SSA IN GO

  |   0 评论   |   0 浏览

关于源码到语法树的部分编译在 这里

编译阶段 src/cmd/compile/internal/gc/main.go 中 存有如下一段代码

initssaconfig()

	// Just before compilation, compile itabs found on
	// the right side of OCONVIFACE so that methods
	// can be de-virtualized during compilation.
	Curfn = nil
	peekitabs()

	// Phase 8: Compile top level functions.
	// Don't use range--walk can add functions to xtop.
	timings.Start("be", "compilefuncs")
	fcount = 0
	for i := 0; i < len(xtop); i++ {
		n := xtop[i]
		if n.Op == ODCLFUNC {
			funccompile(n)
			fcount++
		}
	}
	timings.AddEvent(fcount, "funcs")

	if nsavederrors+nerrors == 0 {
		fninit(xtop)
	}

	compileFunctions()

这段代码会初始化 ssa 配置,配置结束后会调用 fucncompile 对函数进行编译

initssaconfig

func initssaconfig() {
	types_ := ssa.NewTypes()

	if thearch.SoftFloat {
		softfloatInit()
	}

	// Generate a few pointer types that are uncommon in the frontend but common in the backend.
	// Caching is disabled in the backend, so generating these here avoids allocations.
	_ = types.NewPtr(types.Types[TINTER])                             // *interface{}
	_ = types.NewPtr(types.NewPtr(types.Types[TSTRING]))              // **string
	_ = types.NewPtr(types.NewPtr(types.Idealstring))                 // **string
	_ = types.NewPtr(types.NewSlice(types.Types[TINTER]))             // *[]interface{}
	_ = types.NewPtr(types.NewPtr(types.Bytetype))                    // **byte
	_ = types.NewPtr(types.NewSlice(types.Bytetype))                  // *[]byte
	_ = types.NewPtr(types.NewSlice(types.Types[TSTRING]))            // *[]string
	_ = types.NewPtr(types.NewSlice(types.Idealstring))               // *[]string
	_ = types.NewPtr(types.NewPtr(types.NewPtr(types.Types[TUINT8]))) // ***uint8
	_ = types.NewPtr(types.Types[TINT16])                             // *int16
	_ = types.NewPtr(types.Types[TINT64])                             // *int64
	_ = types.NewPtr(types.Errortype)                                 // *error
	types.NewPtrCacheEnabled = false
	ssaConfig = ssa.NewConfig(thearch.LinkArch.Name, *types_, Ctxt, Debug['N'] == 0)
	if thearch.LinkArch.Name == "386" {
		ssaConfig.Set387(thearch.Use387)
	}
	ssaConfig.SoftFloat = thearch.SoftFloat
	ssaConfig.Race = flag_race
	ssaCaches = make([]ssa.Cache, nBackendWorkers)

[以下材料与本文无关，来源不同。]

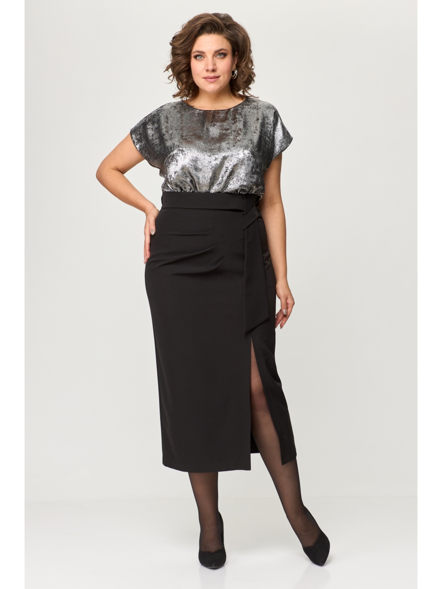 Блузка выполнена из однотонной ткани с эффектом блеска. Юбка выполнена из однотонной ткани, юбка на подкладке. Блузка свободного силуэта. Полочка блузки с нагрудными вытачками. Горловина круглой формы. Спинка цельная. Рукав цельнокроеный, короткий.
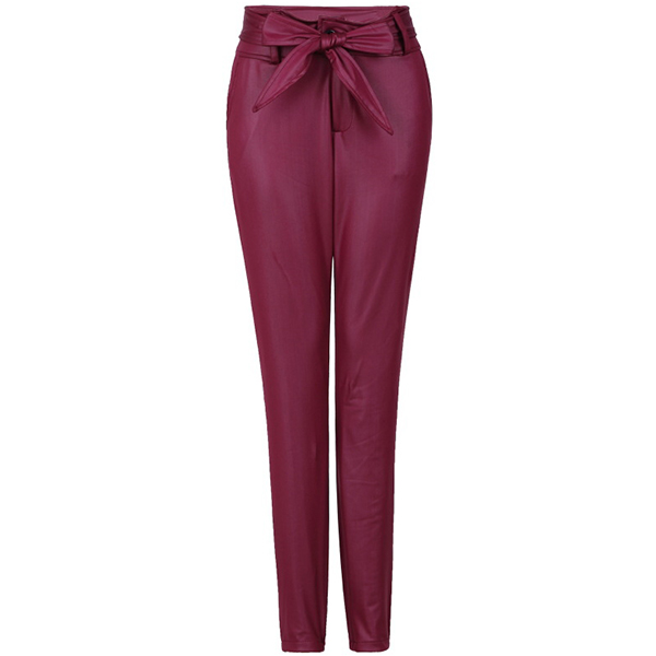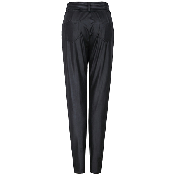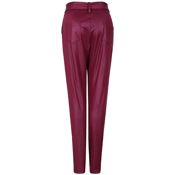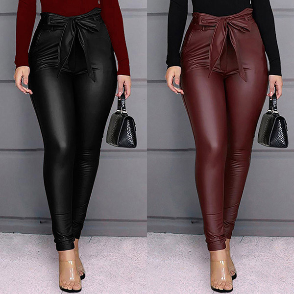 It is a good chance to showcase your slender legs through this PU leather pants. Solid color style,finished with high waist and a fit silhouette design,classic yet stylish. Moreover,the waist strap design can boost its entire charm. When matching with a crop top,you can look sexy and charming enough!

首先 NewTypes 初始化一个新的 Types 结构体,调用 NewPtr 函数,缓存类型中的信息,Types 中存储了所有基本类型对应的指针

type Types struct {
	Bool       *types.Type
	Int8       *types.Type
	Int16      *types.Type
	Int32      *types.Type
	Int64      *types.Type
	UInt8      *types.Type
	UInt16     *types.Type
	UInt32     *types.Type
	UInt64     *types.Type
	Int        *types.Type
	Float32    *types.Type
	Float64    *types.Type
	UInt       *types.Type
	Uintptr    *types.Type
	String     *types.Type
	BytePtr    *types.Type // TODO: use unsafe.Pointer instead?
	Int32Ptr   *types.Type
	UInt32Ptr  *types.Type
	IntPtr     *types.Type
	UintptrPtr *types.Type
	Float32Ptr *types.Type
	Float64Ptr *types.Type
	BytePtrPtr *types.Type
}

// NewTypes creates and populates a Types.
func NewTypes() *Types {
	t := new(Types)
	t.SetTypPtrs()
	return t
}

// SetTypPtrs populates t.
func (t *Types) SetTypPtrs() {
	t.Bool = types.Types[types.TBOOL]
	t.Int8 = types.Types[types.TINT8]
	t.Int16 = types.Types[types.TINT16]
	t.Int32 = types.Types[types.TINT32]
	t.Int64 = types.Types[types.TINT64]
	t.UInt8 = types.Types[types.TUINT8]
	t.UInt16 = types.Types[types.TUINT16]
	t.UInt32 = types.Types[types.TUINT32]
	t.UInt64 = types.Types[types.TUINT64]
	t.Int = types.Types[types.TINT]
	t.Float32 = types.Types[types.TFLOAT32]
	t.Float64 = types.Types[types.TFLOAT64]
	t.UInt = types.Types[types.TUINT]
	t.Uintptr = types.Types[types.TUINTPTR]
	t.String = types.Types[types.TSTRING]
	t.BytePtr = types.NewPtr(types.Types[types.TUINT8])
	t.Int32Ptr = types.NewPtr(types.Types[types.TINT32])
	t.UInt32Ptr = types.NewPtr(types.Types[types.TUINT32])
	t.IntPtr = types.NewPtr(types.Types[types.TINT])
	t.UintptrPtr = types.NewPtr(types.Types[types.TUINTPTR])
	t.Float32Ptr = types.NewPtr(types.Types[types.TFLOAT32])
	t.Float64Ptr = types.NewPtr(types.Types[types.TFLOAT64])
	t.BytePtrPtr = types.NewPtr(types.NewPtr(types.Types[types.TUINT8]))
}

NewPtr 根据类型生成指向类型的指针并缓存在当前 Type中

func NewPtr(elem *Type) *Type {

	// 如果无类型
	if elem == nil {

		// 直接报错
		Fatalf("NewPtr: pointer to elem Type is nil")
	}


	// 如果缓存过 直接返回 ptr
	if t := elem.Cache.ptr; t != nil {
		if t.Elem() != elem {
			Fatalf("NewPtr: elem mismatch")
		}
		return t
	}


	// 剩下的就是,如果没有缓存,那么把t放入type的Cache中返回t
	t := New(TPTR)
	t.Extra = Ptr{Elem: elem}
	t.Width = int64(Widthptr)
	t.Align = uint8(Widthptr)
	if NewPtrCacheEnabled {
		elem.Cache.ptr = t
	}
	return t
}

而后,根据当前的 CPU 架构初始化 SSA 配置

ssaConfig = ssa.NewConfig(thearch.LinkArch.Name, *types_, Ctxt, Debug['N'] == 0)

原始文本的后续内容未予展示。